WHAT IS BEING ASKED: Every line below from the one containing "Cái kẹp giữ" through the one containing "Questo poster presenta" is to be printed exactly, with the pictures omitted.

Records from a data source:
----

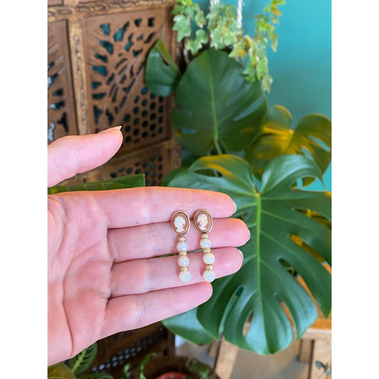 Vintage Solid 14k Yellow Gold Cameo Pearl Drop Stud Earrings
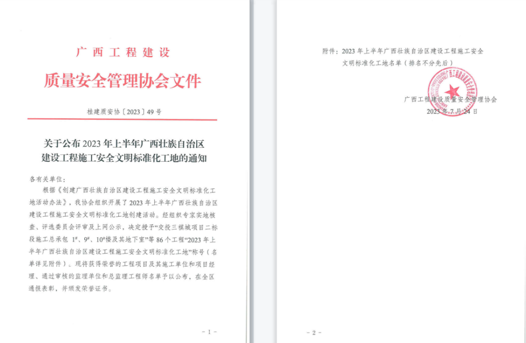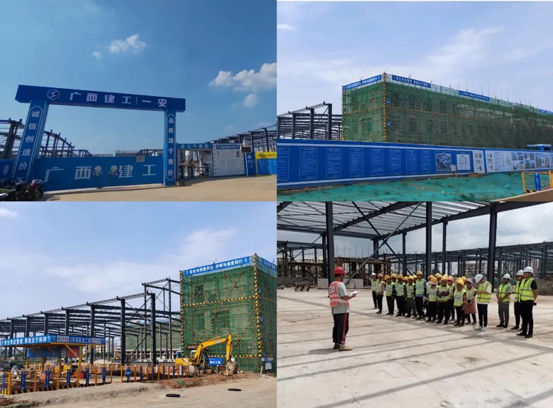 广西中国—东盟青年产业园铜材加工区标准厂房项目位于崇左市扶绥县广西中国—东盟青年产业园内,拟建总建筑面积33069.34㎡,分为铜基材厂房、办公楼及食堂等几个分部工程。该项目开工以来严抓各项管控,以高标准、高质量规范施工现场管理,保持项目建设的良好态势。建设中,项目团队始终坚持安全发展理念,以开工必优的决心,不断提高安全文明施工管理水平,严格按照集团公司《文明施工与安全管理标准化图集》指导,安全生产、文明施工管理贯穿施工全过程,强化施工过程控制,严格标准化管理,常态化抓好项目工地安全文明标准化工作。
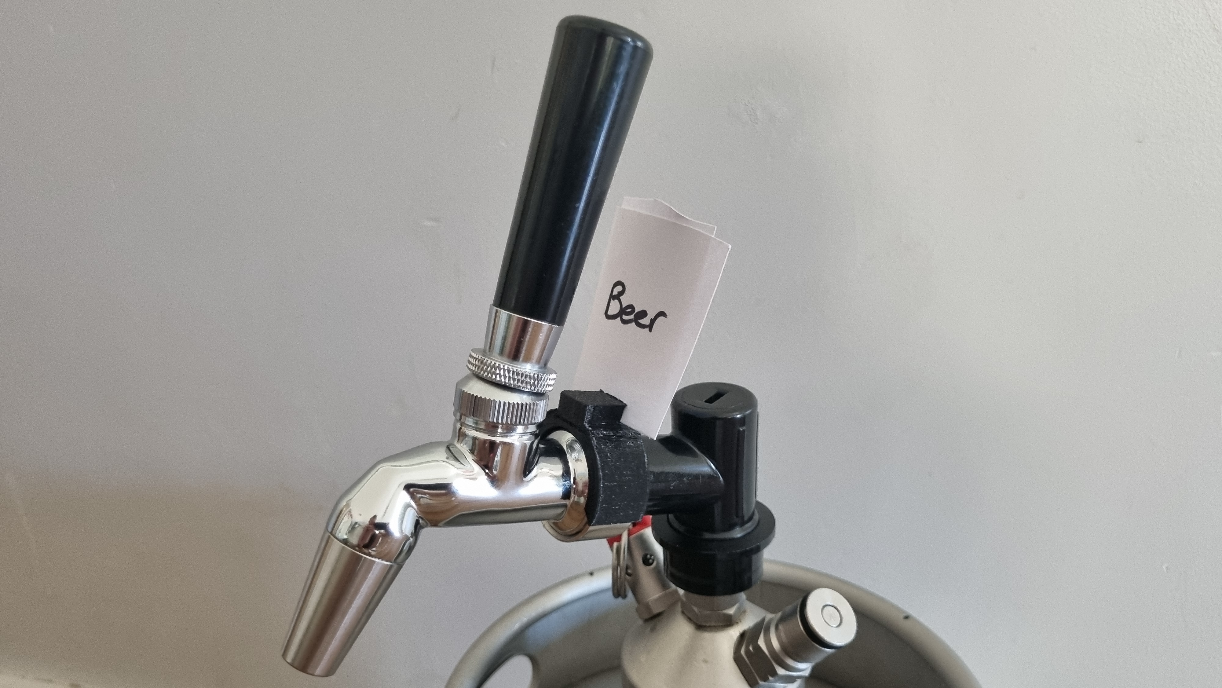 Cái kẹp giữ nhãn bia đơn giản này là dành riêng cho vòi Nukatap. Nó ôm sát, chống trượt và có độ nghiêng 15 độ giúp dễ đọc nhãn hơn. Có thể in bằng PLA hoặc PETG.
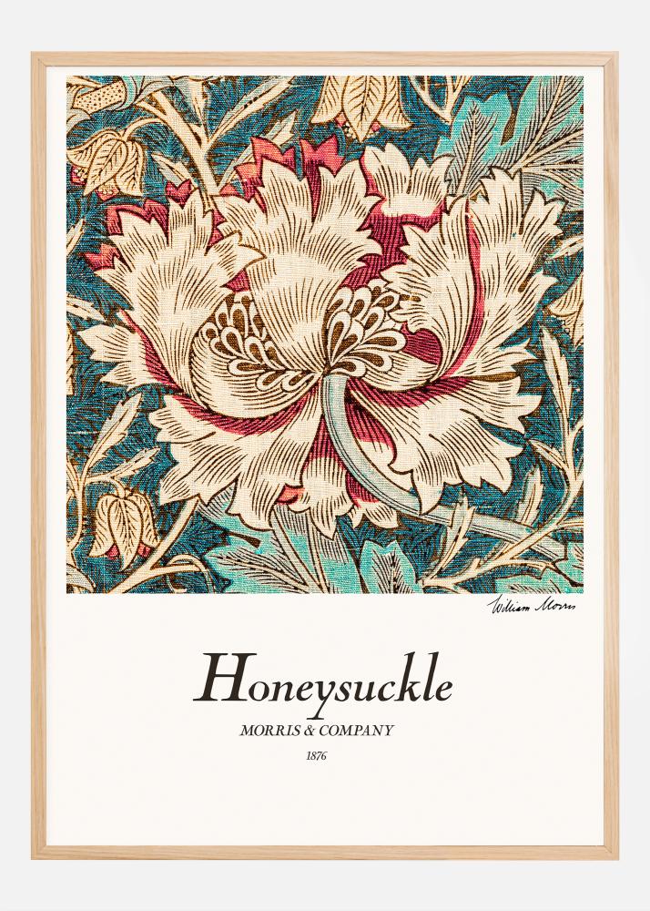 Questo poster presenta "Honeysuckle", un delizioso motivo di William Morris, creato per Morris & Company nel 1876. Il motivo è un ricco intreccio floreale, con le curve sinuose e i fiori della caprifoglio in splendide tonalità di rosso, crema e blu. Lo sfondo, in una tonalità blu più intensa, mette in risalto i fiori e le foglie elegantemente modellati, creando una composizione profonda e complessa che è allo stesso tempo accattivante e senza tempo.
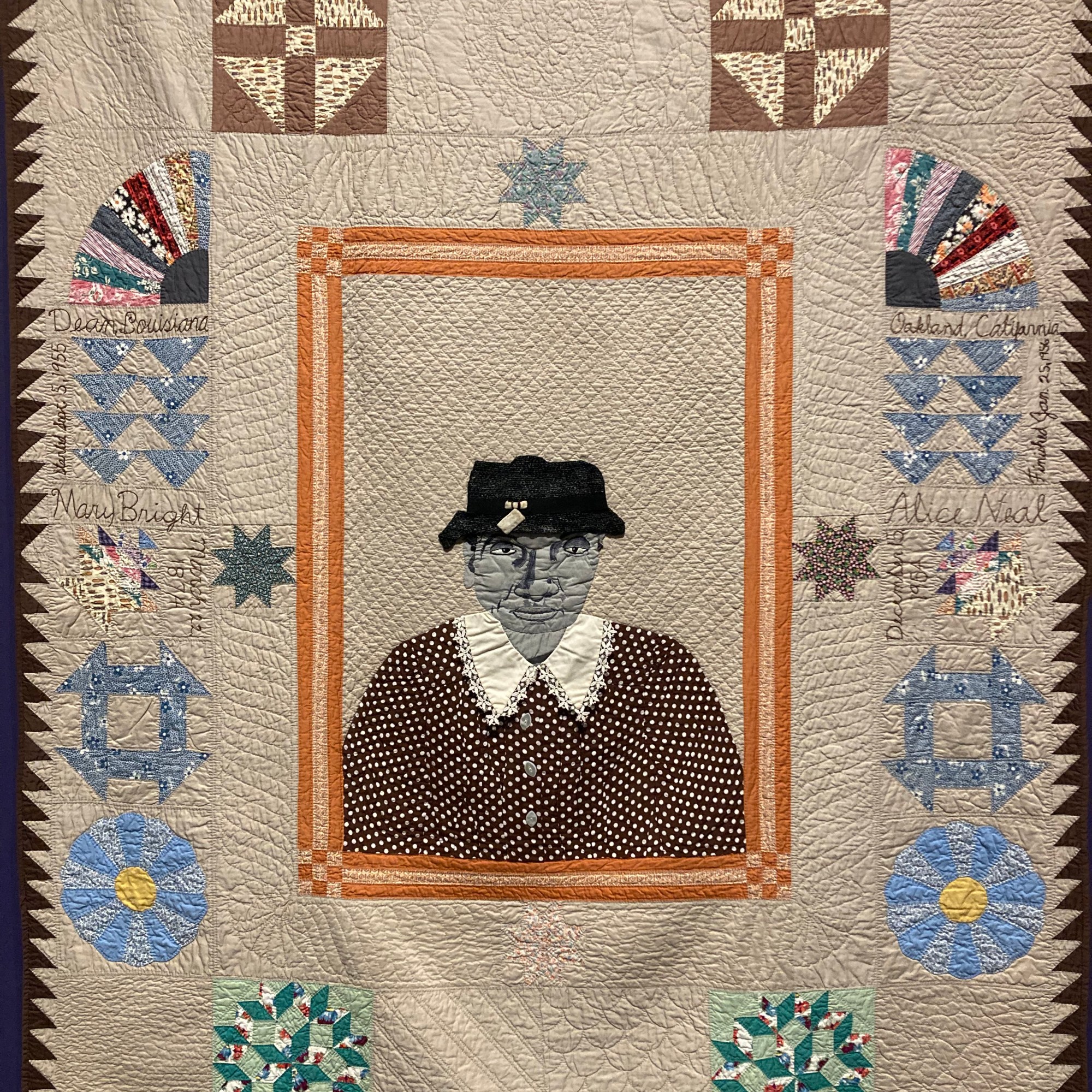 The quilt highlighted above, with the portrait of the woman in the center was started by Alice Neal a few days after her mother, Mary Bright–also a quilter–passed away. She painted the image from a photograph of her mother, and used cloth from the dress her mother was wearing in the photograph to recreate the dress in the quilt. When she finished it a year later, she hoped to hang the quilt in a museum that she had planned to build on her family’s land in Louisiana. But when the land was bought by a television station (the text panel on the exhibit wall didn’t talk about the circumstances of the sale), she it to the prominent Bay Area quilt collector Eli Leon, because she knew he would be able to best preserve and share the quilt’s story. The fact that Ms. Neal memorialized her mother in this way, using the art form that her mother taught her; the fact that she wanted to tell her mother’s story; the fact that she was planning to open a museum; and the fact that sought out the one person who she thought could best ensure that her mother’s story gets told are all stunning examples of us knowing the value of our lives and stories. Those acts of remembrance and narrative agency are so powerful.
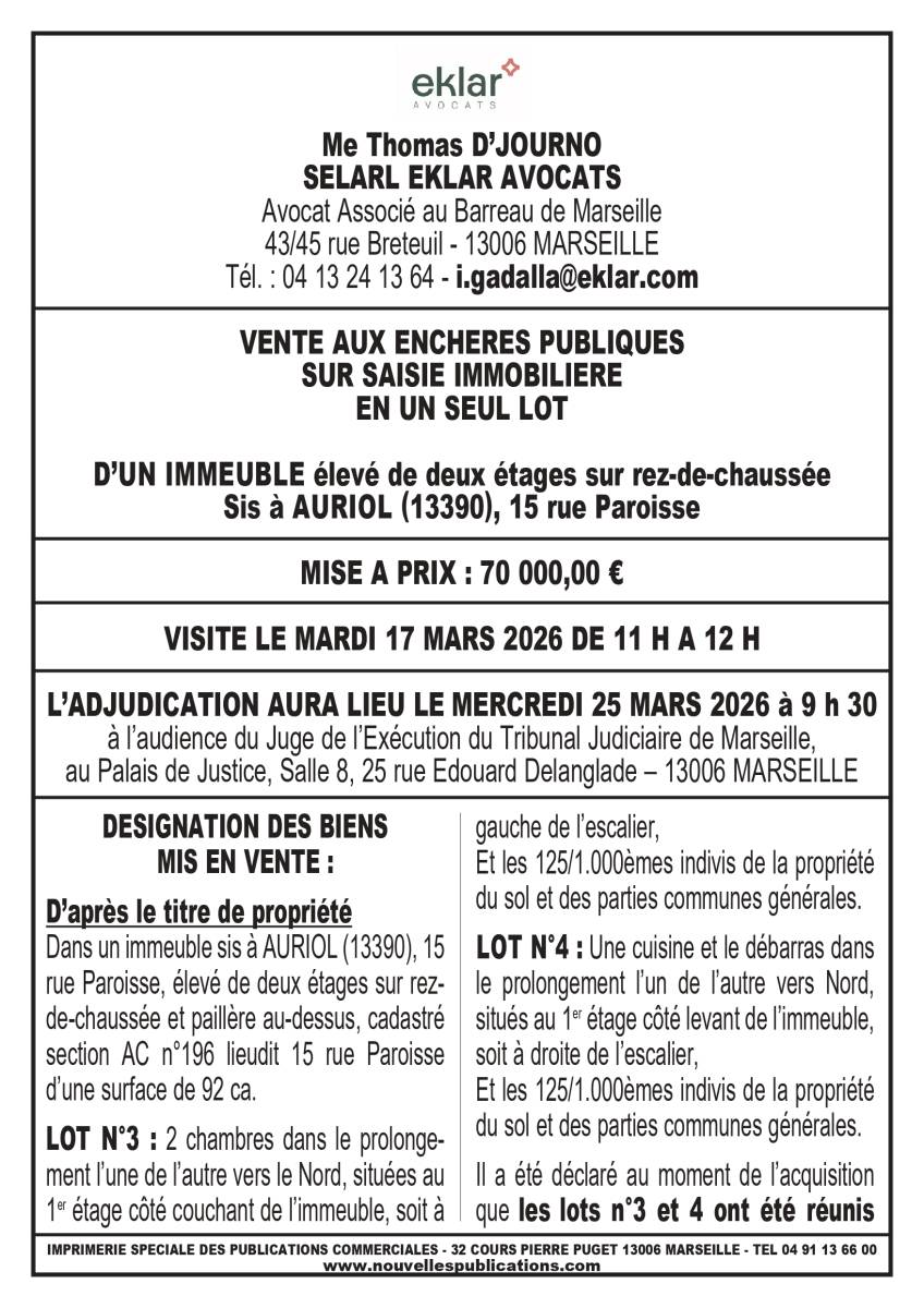 VENTE AUX ENCHERES PUBLIQUES SUR SAISIE IMMOBILIERE EN UN SEUL LOT D’UN IMMEUBLE élevé de deux étages sur rez-de-chaussée Sis à AURIOL (13390), 15 rue Paroisse
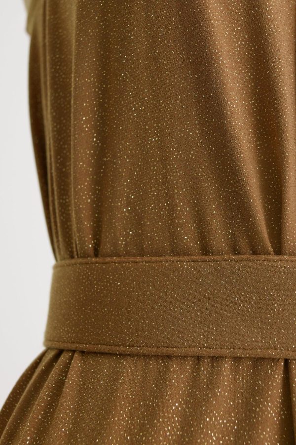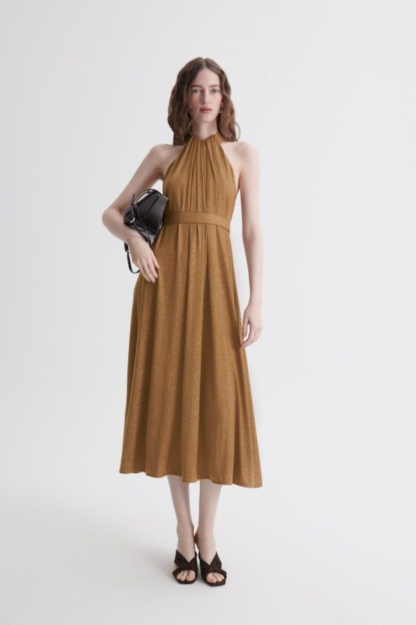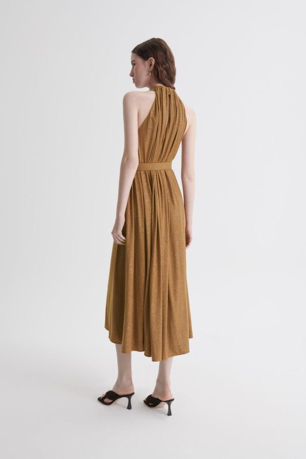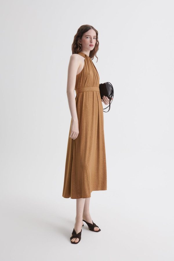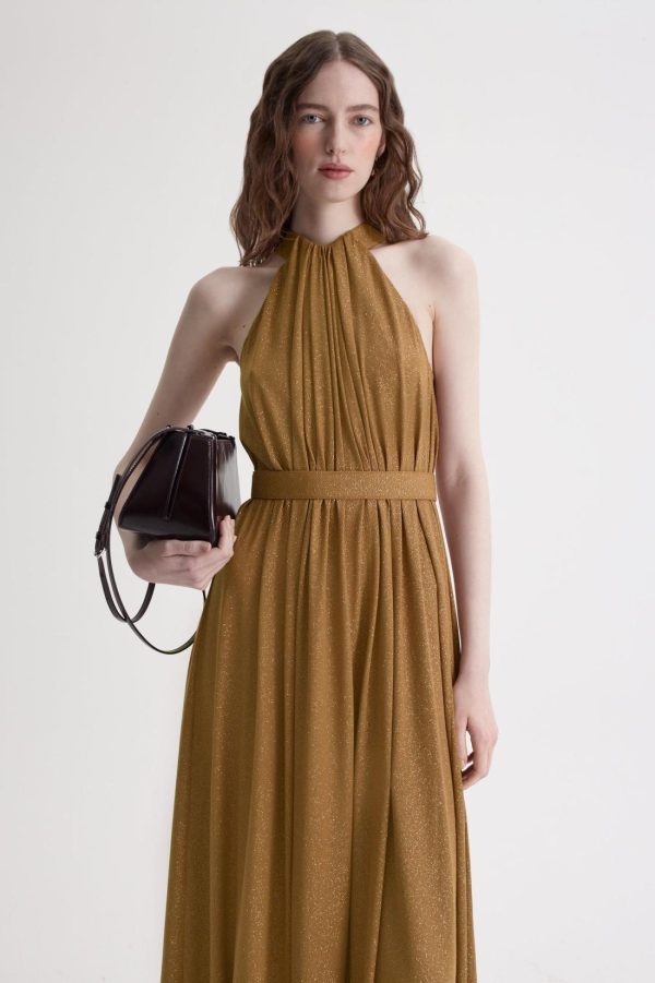 Opulent details with contemporary charm embellish this draped gown. The fluid silhouette is defined by a halter neckline and soft pleating, cinched elegantly at the waist with a coordinating belt. Iridescent tinsel print and luminous fabrication infuse the dress, with alluring detail.
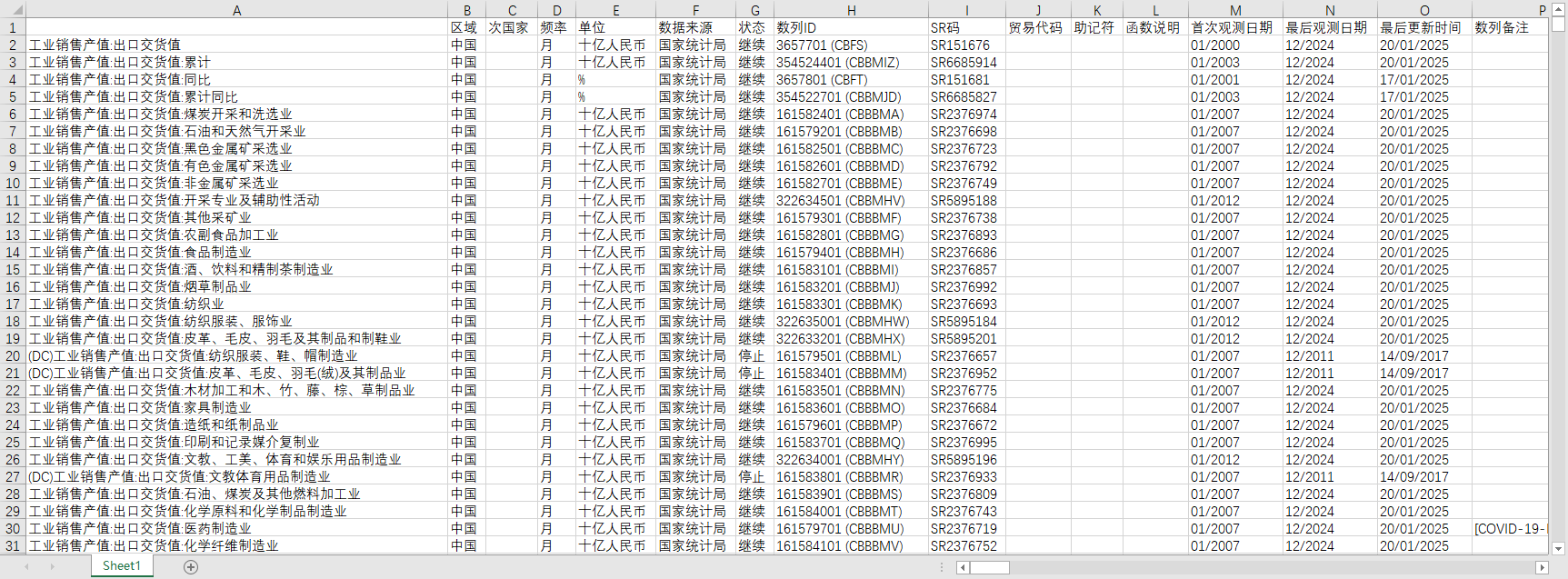 全国工业产品销售出口交货值细分行业2007-2024月度数据全国

----

ANSWER TO THIS PROBLEM:
 Cái kẹp giữ nhãn bia đơn giản này là dành riêng cho vòi Nukatap. Nó ôm sát, chống trượt và có độ nghiêng 15 độ giúp dễ đọc nhãn hơn. Có thể in bằng PLA hoặc PETG.
 Questo poster presenta "Honeysuckle", un delizioso motivo di William Morris, creato per Morris & Company nel 1876. Il motivo è un ricco intreccio floreale, con le curve sinuose e i fiori della caprifoglio in splendide tonalità di rosso, crema e blu. Lo sfondo, in una tonalità blu più intensa, mette in risalto i fiori e le foglie elegantemente modellati, creando una composizione profonda e complessa che è allo stesso tempo accattivante e senza tempo.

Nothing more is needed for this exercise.